As we saw earlier iptables rely on chains to determine the action to be taken in connection, let’s understand what are chains. Chains are connection types defined by their travel direction/behavior. There are three types of chains: Input, Output, Forward.
Input chain :
This chain is used to control incoming connections to the Linux machine. For example, if the user tries to connect the server via ssh (port 22) then the input chain will be checked for IP or user and port if those are allowed. If yes then only the user will be connected to the server otherwise not.
Output chain :
Yes, this chain controls outgoing connections from the Linux machine. If any application or user tries to connect to outside server/IP then the output chain decides if the app/user can connect to destination IP/port or not.

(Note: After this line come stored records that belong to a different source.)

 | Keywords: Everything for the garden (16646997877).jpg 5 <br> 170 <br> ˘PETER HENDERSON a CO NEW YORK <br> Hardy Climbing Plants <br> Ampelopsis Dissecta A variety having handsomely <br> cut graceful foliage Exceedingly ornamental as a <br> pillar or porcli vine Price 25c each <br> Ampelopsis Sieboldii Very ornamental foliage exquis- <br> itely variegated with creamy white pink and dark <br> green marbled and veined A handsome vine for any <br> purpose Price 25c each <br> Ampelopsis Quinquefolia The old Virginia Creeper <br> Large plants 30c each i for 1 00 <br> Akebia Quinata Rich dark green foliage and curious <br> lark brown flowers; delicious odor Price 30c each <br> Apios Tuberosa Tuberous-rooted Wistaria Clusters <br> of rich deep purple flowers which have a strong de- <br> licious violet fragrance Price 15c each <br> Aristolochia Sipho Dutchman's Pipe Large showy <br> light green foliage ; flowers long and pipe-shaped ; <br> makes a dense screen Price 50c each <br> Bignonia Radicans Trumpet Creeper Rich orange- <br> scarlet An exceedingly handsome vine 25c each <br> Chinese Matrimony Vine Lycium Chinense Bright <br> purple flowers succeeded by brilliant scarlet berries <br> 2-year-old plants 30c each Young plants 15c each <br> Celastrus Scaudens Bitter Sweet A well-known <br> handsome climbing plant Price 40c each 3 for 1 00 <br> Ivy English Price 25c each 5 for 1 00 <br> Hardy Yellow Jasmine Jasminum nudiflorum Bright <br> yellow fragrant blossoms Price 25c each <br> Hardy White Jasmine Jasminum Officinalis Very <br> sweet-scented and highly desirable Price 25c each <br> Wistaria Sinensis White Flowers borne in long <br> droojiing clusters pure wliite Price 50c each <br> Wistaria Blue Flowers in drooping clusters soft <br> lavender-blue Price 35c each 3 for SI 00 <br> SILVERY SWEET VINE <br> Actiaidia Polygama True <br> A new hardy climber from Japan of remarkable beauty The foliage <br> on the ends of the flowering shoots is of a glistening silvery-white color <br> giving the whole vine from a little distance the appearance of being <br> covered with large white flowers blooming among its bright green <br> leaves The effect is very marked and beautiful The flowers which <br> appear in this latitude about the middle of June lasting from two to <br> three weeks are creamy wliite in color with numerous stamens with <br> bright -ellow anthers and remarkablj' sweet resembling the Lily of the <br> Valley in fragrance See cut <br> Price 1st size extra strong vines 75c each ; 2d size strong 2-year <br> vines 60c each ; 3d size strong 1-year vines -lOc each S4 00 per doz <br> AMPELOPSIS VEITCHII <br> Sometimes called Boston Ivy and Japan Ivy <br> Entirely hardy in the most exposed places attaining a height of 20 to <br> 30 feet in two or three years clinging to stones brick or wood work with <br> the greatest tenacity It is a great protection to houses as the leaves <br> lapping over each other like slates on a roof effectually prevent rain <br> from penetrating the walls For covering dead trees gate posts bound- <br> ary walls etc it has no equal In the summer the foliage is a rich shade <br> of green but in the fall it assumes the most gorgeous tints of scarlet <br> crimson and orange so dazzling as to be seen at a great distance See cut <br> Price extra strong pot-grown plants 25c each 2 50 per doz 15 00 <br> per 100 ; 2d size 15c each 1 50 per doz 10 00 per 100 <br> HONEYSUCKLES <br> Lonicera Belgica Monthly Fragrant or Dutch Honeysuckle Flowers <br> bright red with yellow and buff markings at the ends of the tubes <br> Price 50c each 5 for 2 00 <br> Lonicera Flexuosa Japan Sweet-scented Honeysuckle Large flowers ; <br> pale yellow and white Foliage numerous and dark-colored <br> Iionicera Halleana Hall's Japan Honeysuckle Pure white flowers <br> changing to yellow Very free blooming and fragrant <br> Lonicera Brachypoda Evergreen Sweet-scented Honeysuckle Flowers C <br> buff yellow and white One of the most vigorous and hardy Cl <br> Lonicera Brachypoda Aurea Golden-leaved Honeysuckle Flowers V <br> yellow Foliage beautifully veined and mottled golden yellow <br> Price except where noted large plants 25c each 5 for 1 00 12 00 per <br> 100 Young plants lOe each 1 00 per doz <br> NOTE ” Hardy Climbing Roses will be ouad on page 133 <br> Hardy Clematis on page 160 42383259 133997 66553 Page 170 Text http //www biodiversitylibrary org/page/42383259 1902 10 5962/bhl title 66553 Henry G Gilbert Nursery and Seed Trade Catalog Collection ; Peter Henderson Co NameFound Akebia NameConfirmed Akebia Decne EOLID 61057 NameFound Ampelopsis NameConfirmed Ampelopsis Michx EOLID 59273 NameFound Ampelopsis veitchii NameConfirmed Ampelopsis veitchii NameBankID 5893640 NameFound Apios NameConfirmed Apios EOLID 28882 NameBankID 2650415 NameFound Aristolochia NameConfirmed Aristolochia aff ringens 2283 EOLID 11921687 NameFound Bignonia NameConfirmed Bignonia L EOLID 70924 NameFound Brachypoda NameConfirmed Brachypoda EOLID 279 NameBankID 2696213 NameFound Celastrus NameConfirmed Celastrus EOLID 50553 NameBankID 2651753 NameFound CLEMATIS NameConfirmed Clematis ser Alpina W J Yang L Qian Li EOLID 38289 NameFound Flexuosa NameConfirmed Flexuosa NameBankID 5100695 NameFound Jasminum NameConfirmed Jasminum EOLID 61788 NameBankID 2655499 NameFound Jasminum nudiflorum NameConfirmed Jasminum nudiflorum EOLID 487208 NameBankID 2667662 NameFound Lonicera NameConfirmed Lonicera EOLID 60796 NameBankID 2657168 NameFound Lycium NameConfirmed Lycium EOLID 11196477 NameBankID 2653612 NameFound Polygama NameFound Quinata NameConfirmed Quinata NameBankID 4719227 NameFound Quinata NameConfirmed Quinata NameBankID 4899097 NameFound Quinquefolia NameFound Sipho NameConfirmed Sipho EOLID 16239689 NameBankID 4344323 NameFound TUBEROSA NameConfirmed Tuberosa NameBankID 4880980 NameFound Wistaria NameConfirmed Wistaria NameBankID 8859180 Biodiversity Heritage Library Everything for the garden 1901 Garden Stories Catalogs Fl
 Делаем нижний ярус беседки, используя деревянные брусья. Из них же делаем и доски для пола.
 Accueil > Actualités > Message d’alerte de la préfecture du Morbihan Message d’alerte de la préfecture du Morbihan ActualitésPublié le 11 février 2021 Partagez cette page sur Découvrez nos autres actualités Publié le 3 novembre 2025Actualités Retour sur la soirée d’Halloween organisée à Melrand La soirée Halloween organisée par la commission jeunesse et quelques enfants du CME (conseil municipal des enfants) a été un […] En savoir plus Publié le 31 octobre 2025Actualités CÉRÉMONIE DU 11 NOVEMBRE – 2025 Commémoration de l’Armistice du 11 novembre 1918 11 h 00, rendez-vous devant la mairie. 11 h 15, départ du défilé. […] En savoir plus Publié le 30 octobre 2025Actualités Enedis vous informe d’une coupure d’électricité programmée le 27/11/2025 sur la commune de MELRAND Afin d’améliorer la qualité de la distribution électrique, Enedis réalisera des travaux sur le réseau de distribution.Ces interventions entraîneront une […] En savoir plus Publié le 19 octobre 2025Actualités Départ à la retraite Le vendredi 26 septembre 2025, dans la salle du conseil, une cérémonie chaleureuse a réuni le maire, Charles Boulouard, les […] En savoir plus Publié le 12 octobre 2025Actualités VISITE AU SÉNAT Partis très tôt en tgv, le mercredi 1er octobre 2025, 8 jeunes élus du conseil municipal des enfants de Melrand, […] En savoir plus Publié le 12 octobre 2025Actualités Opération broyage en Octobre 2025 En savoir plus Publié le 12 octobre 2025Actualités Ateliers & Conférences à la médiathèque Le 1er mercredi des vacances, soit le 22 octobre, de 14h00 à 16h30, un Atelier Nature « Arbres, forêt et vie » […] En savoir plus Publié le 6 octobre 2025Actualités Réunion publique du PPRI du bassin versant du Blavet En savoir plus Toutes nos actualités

Both chains are stateful. Meaning only said the connection is allowed and a response is not. Means you have to exclusively define input and output chain if your connection needs both way communication (from source to destination and back)
Forward chain :
In most of the systems, it’s not used. If your system is being used as a pass-through or for natting or for forwarding traffic then only this chain is used. When connections/packets are to be forwarded to next hop then this chain is used.
You can view the status of all these chains using the command :
# iptables -L -v Chain INPUT (policy ACCEPT 8928 packets, 13M bytes) pkts bytes target prot opt in out source destination Chain FORWARD (policy ACCEPT 0 packets, 0 bytes) pkts bytes target prot opt in out source destination Chain OUTPUT (policy ACCEPT 2201 packets, 677K bytes) pkts bytes target prot opt in out source destination
In above output, you can see all three chains details, how many packets were transferred, how much data transferred and default action policy.
Chain policy defining strategy
There are three policies can be defined for chains.
- ACCEPT: Allow connection
- REJECT: Block connection and send back error message informing source that destination blocked it
- DROP: Block connection only (behave like connection never questioned). The source is unaware of being blocked at the destination.
By default, all chains configured with ACCEPT policy for all connections. When configuring policies manually you have to pick either way from below two :
- Configure default as REJECT/DROP and exclusively configure each chain and its policy of ALLOW for required IP/subnet/ports.
- Configure default as ACCEPT and exclusively configure each chain and its policy of REJECT for required IP/subnet/ports.
You will go with number two unless your system has highly sensitive, important data and should be locked out of the outer world. Obviously, its environment criticality and number of IP/subnet/ports to be allowed/denied makes it easier to select a strategy.